According to the following table (from this paper), numpy's np.dot performance is comparable to a CUDA implementation of matrix multiplication, in experiments with 320x320 matrices. And I did replicate this Speedup in my machine for np.dot with enough precision. Their code for CUDA with Numba ran much slower though, with a Speedup of about 1200 instead of the 49258 reported.

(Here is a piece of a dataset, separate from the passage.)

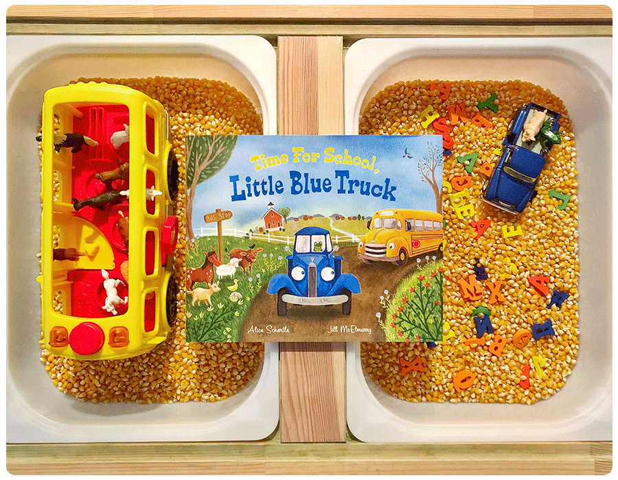 Kimberley Kirby from Fab Everyday loves pairing books with sensory activities, and Little Blue Truck is her favorite. For this sensory bin, she used a corn base, and added a school bus, blue truck and farm animal toys. The letters provide a bonus educational opportunity for your little one.
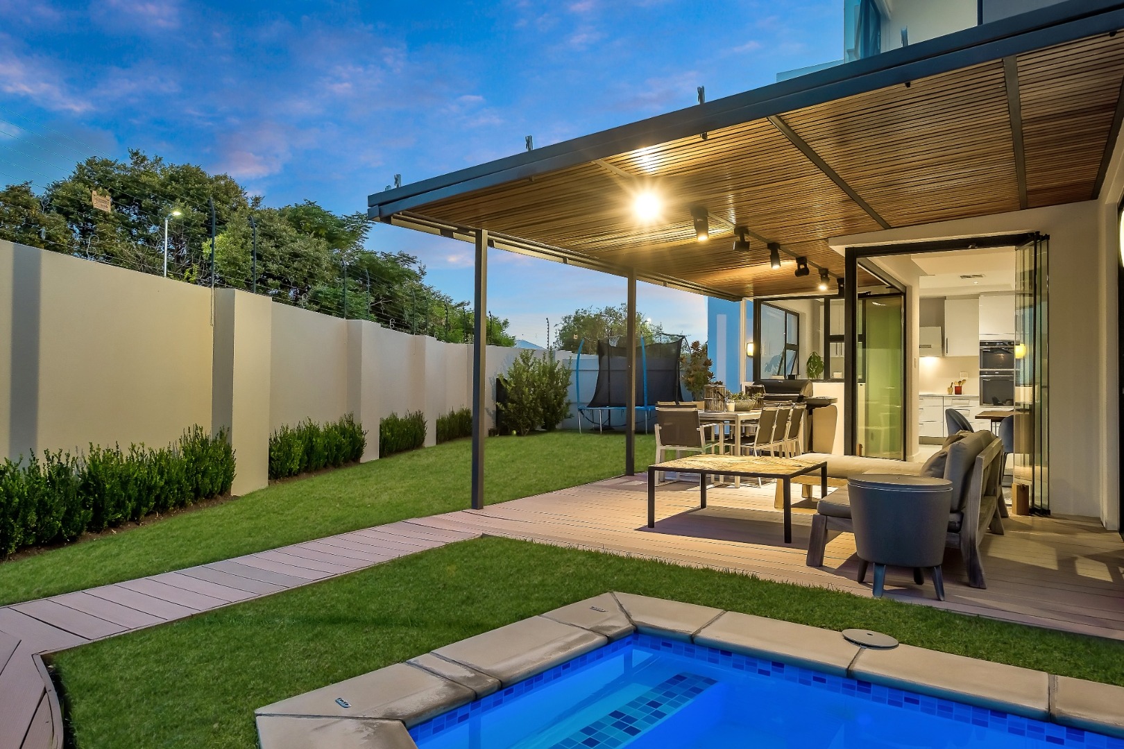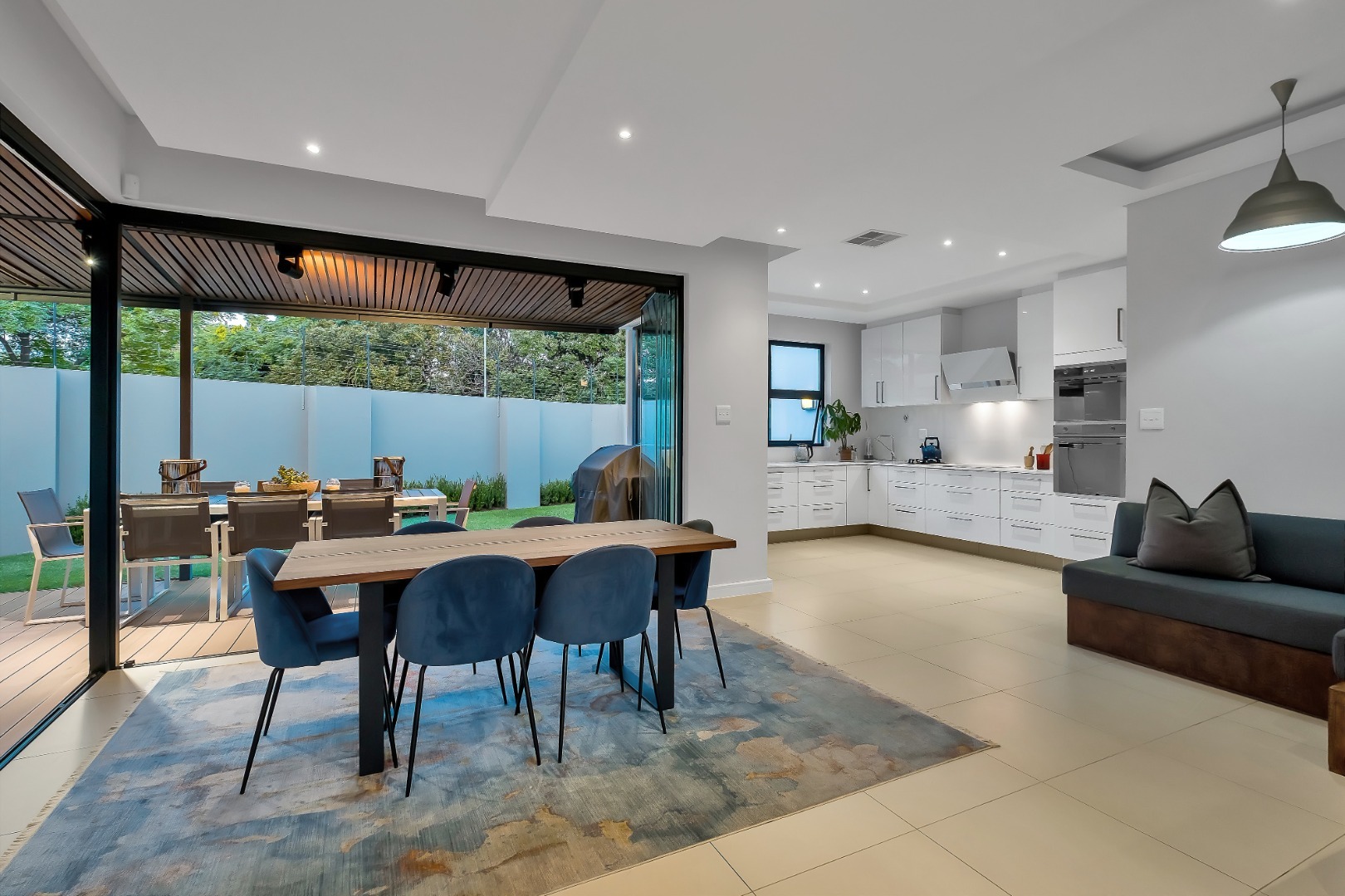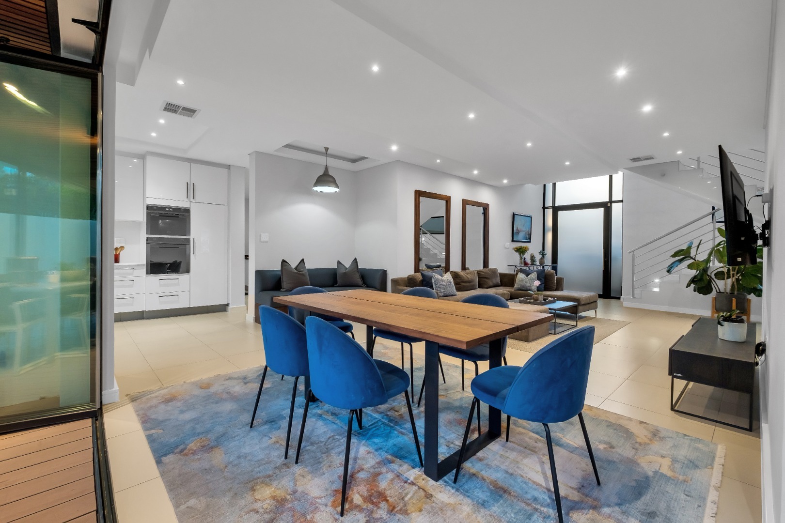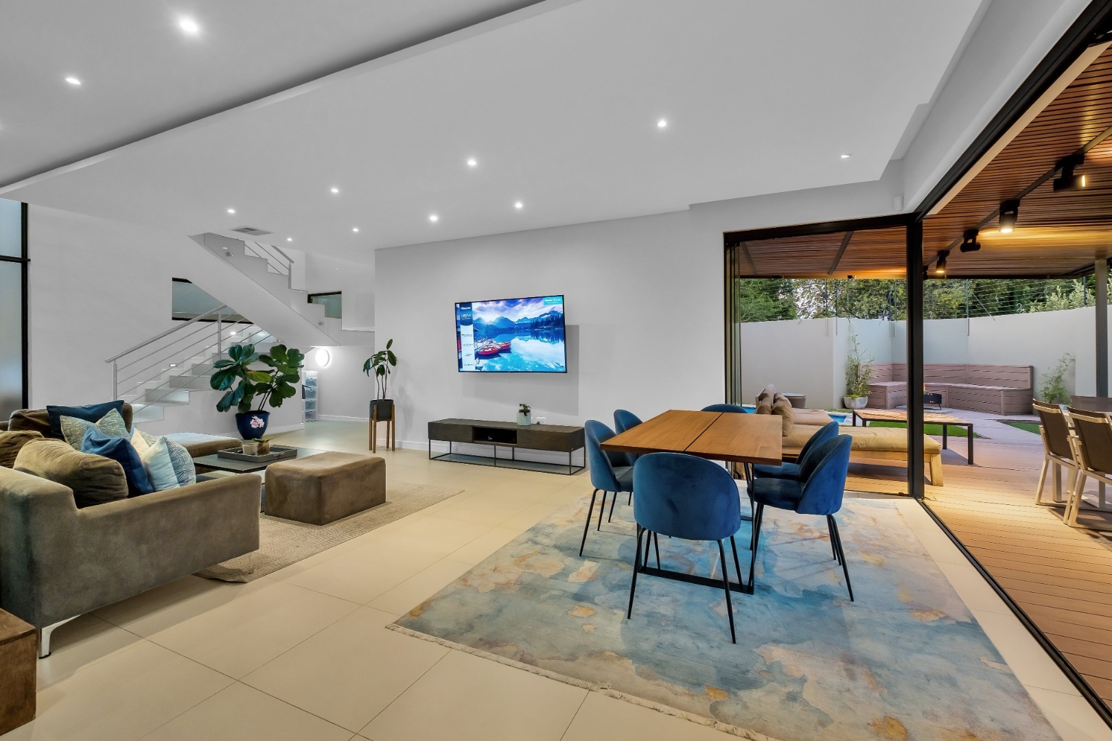 Situated in a small and exclusive complex of only 9 units this family home is the ultimate in luxurious living. Double volume entrance hall, modern design and natural light. Open plan living spaces enhanced by an effortless indoor outdoor flow. Entertainment area opens out onto covered patio and secluded garden.

Why is numpy's implementation so fast?

Edit: here's the code taken from the paper. I just added the timeit calls. I ran it in the following laptop.

CUDA

import numpy as np
from numba import cuda
@cuda.jit('void( float64 [ : , : ] , float64 [ : , : ] , float64 [ : , : ] , int32 )')
def cu_matmul(a , b, c , n) :
    x, y = cuda.grid (2)
    if (x >= n) or (y >= n) :
        return
    c[x, y] = 0
    for i in range(n) :
        c[x, y] += a[x, i ] * b[ i , y]

device = cuda.get_current_device()
tpb = device.WARP_SIZE
n = 320
bpg = (n+tpb-1)//tpb
grid_dim = (bpg, bpg)
block_dim = (tpb , tpb)
A = np.random.random((n, n ) ).astype (np. float64 )
B = np.random.random((n, n ) ).astype (np. float64 )
C = np.empty((n, n) , dtype=np.float64 )
dev_A = cuda.to_device(A)
dev_B = cuda.to_device(B)
dev_C = cuda.to_device(C, copy=False )
result_cuda = cu_matmul[grid_dim , block_dim](dev_A, dev_B, dev_C, n)
dev_C. copy_to_host(C)
assert (np. allclose (np. dot(A, B) , C))

Numpy

np.dot(A, B)

System specs

Solution

Aside from what @norok2 links to, there is the large overhead of transferring the data to the GPU. This becomes significant in several cases:

• it is comparably expensive to what you do on the GPU when compared to data transfer overhead, i.e. you only do one operation on less than a MB of data.
• The size of your problem doesn't scale extremely well. This is the case if your data size or your underlying problem don't allow the GPU to use its parallel processing sufficiently.
• There are too many branches in your parallel code. This usually means a large set of parallel processors needs to wait on each branch (branching hardware is usually grouped per X number of arithmetic processors on a GPU), slowing down the whole computation.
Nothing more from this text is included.